Inserting and deleting anywhere but at the end requires a lot of work.

The Ugly:

No bounds checking, allowing you to overwrite memory.
The unusual pointer-array relationship here. (Look in the Critique section or search on "historical accidents or mistakes")

Example of the limitation of arrays:

// Prints each value in the integer array
void print_array(int array[], int size)
{
  int i;
  for (i = 0; i < size; i++)
    printf("%i   ", array[i]);
  printf("\n");
}

int main(void)
{
  int numbers[30]; // Holds at most 30 integers
  int count = 0;

    // Open text file of numbers for reading
  FILE *fp = fopen("numbers.txt", "r");

    // Process the entire file
  while (!feof(fp))
  {
    int number;

      // Read next integer from the file
    if (fscanf(fp, "%i", &number) == 0)
      break;

      // Add the number to the end of the array
    numbers[count++] = number;
  }

  fclose(fp);

    // Print the array
  print_array(numbers, count);

  return 0;
}

Of course, if there are more than 30 numbers, we are going to overwrite the end of the array.

Possible "fixes":

Don't read in more than 30 numbers.
Set the size of the array to more than 30 (and hope it's big enough or waste a lot of space)
Allocate the array at runtime. (Still need a size.) Choices:
1. Put the size in the file. (Maybe the first line contains the number of integers.) Allocate the array when the size is known.
2. When the array is full, allocate another, bigger array, and copy old values into it.
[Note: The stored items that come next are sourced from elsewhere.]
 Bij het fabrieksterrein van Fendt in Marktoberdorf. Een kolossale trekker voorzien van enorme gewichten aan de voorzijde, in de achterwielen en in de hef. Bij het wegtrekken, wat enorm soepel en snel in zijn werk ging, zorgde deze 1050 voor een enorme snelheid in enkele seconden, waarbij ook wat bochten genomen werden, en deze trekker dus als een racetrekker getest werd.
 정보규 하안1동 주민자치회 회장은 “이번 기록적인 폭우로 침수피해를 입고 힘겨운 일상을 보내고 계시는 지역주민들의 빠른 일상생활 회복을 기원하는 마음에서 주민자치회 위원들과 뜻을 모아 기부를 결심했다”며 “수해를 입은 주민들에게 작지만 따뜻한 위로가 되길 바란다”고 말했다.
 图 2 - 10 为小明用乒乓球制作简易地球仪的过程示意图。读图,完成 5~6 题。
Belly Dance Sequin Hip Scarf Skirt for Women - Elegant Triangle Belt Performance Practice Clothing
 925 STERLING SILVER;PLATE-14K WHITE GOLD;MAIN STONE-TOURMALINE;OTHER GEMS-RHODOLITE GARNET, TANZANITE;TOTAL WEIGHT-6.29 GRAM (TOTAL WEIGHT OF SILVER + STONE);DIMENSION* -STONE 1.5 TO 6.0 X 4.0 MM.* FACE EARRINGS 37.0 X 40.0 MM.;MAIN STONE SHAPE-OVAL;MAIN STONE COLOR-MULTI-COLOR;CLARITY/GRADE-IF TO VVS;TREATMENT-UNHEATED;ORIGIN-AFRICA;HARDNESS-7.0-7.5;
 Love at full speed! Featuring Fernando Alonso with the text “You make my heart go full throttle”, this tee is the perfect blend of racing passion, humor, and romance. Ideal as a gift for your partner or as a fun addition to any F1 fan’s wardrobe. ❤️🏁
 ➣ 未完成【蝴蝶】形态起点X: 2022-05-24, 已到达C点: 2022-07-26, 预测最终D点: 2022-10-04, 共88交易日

This may need to be done many times.

Linked Lists

We'd like to overcome the limitations of arrays. One way is to use a linked list. So, what is a Linked List?

A dynamic collection of elements called nodes.
A node is a struct (or class in C++).
A node has two main portions
- data portion -- same type (size) of information in all nodes
- pointer portion -- a pointer to the next node in the list
The data portion can be as simple as an int or very complex. (It's user-defined.)
The linked list is accessed through an external pointer called the head which points to the first node in the list.
The last pointer in the list points to NULL, marking the end of the list. (It's sort of a "NULL-terminated" list)
If the list is empty, head points to NULL.
If each node in the list has only one pointer (a next pointer), the list is called a singly linked list
Some lists have nodes with two pointers (a next and a previous). This type of linked list is known as a doubly linked list.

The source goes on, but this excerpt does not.